→ Work required
Dropping every picture, set down exactly the lines in the entries below, starting with the line with "三面鏡裏収納付き洗面化粧台で" and going on through the line with "Condensatori, kit assortimento".

Extracted material: Begin

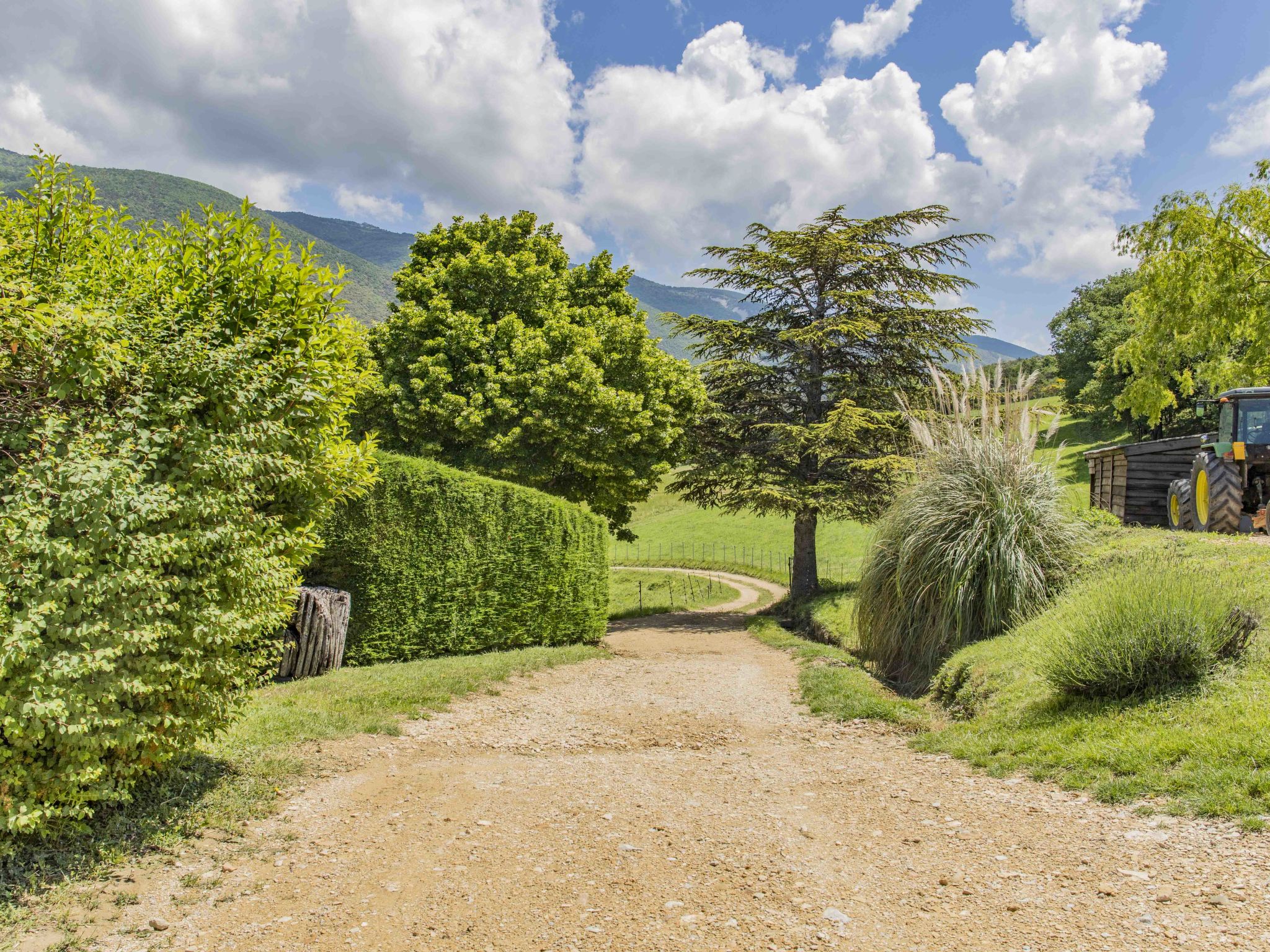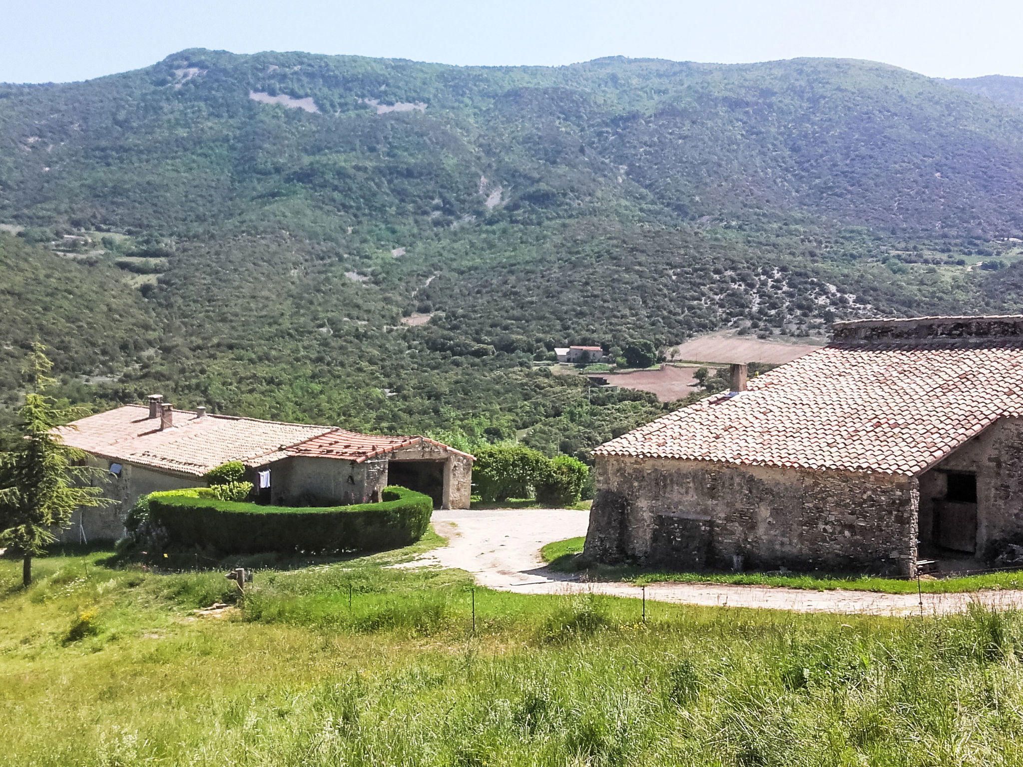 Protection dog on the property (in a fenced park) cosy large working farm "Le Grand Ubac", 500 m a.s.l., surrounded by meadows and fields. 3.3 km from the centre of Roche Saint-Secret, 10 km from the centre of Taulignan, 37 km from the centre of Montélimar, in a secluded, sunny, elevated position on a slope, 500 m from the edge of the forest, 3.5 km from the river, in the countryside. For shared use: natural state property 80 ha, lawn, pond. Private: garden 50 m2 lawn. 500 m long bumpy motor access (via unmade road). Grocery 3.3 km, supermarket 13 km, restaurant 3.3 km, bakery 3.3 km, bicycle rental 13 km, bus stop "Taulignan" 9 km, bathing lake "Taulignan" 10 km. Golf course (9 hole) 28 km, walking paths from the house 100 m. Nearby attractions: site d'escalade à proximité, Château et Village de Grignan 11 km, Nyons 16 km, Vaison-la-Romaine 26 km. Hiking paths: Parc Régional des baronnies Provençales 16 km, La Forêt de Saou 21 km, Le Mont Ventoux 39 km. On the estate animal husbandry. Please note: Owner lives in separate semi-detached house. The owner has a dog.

Extracted material: End
Extracted material: Begin

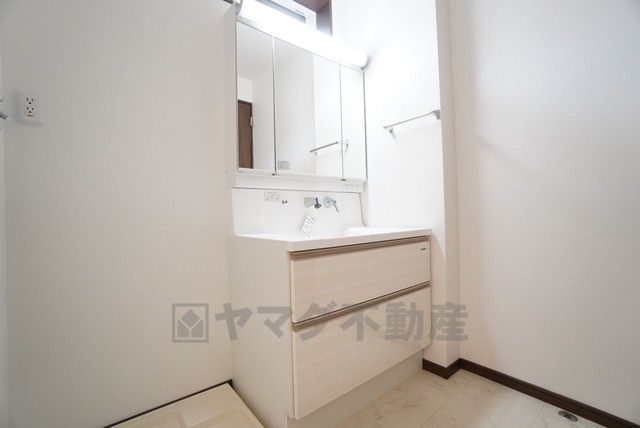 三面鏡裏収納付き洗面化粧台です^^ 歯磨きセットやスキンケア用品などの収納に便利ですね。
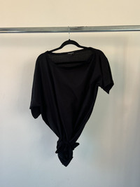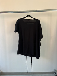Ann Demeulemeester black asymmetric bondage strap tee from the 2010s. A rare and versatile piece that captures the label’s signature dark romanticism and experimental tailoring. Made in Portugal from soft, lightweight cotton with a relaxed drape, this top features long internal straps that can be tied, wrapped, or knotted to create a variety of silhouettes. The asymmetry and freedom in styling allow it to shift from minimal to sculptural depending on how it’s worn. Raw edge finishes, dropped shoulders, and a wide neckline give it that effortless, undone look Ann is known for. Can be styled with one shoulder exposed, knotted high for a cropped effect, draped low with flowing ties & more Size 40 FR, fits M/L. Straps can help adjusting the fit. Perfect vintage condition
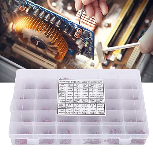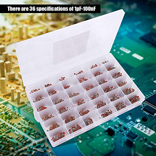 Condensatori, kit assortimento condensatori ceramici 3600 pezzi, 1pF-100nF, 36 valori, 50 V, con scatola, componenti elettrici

Extracted material: End

→ Solution for this task
 三面鏡裏収納付き洗面化粧台です^^ 歯磨きセットやスキンケア用品などの収納に便利ですね。
Ann Demeulemeester black asymmetric bondage strap tee from the 2010s. A rare and versatile piece that captures the label’s signature dark romanticism and experimental tailoring. Made in Portugal from soft, lightweight cotton with a relaxed drape, this top features long internal straps that can be tied, wrapped, or knotted to create a variety of silhouettes. The asymmetry and freedom in styling allow it to shift from minimal to sculptural depending on how it’s worn. Raw edge finishes, dropped shoulders, and a wide neckline give it that effortless, undone look Ann is known for. Can be styled with one shoulder exposed, knotted high for a cropped effect, draped low with flowing ties & more Size 40 FR, fits M/L. Straps can help adjusting the fit. Perfect vintage condition
 Condensatori, kit assortimento condensatori ceramici 3600 pezzi, 1pF-100nF, 36 valori, 50 V, con scatola, componenti elettrici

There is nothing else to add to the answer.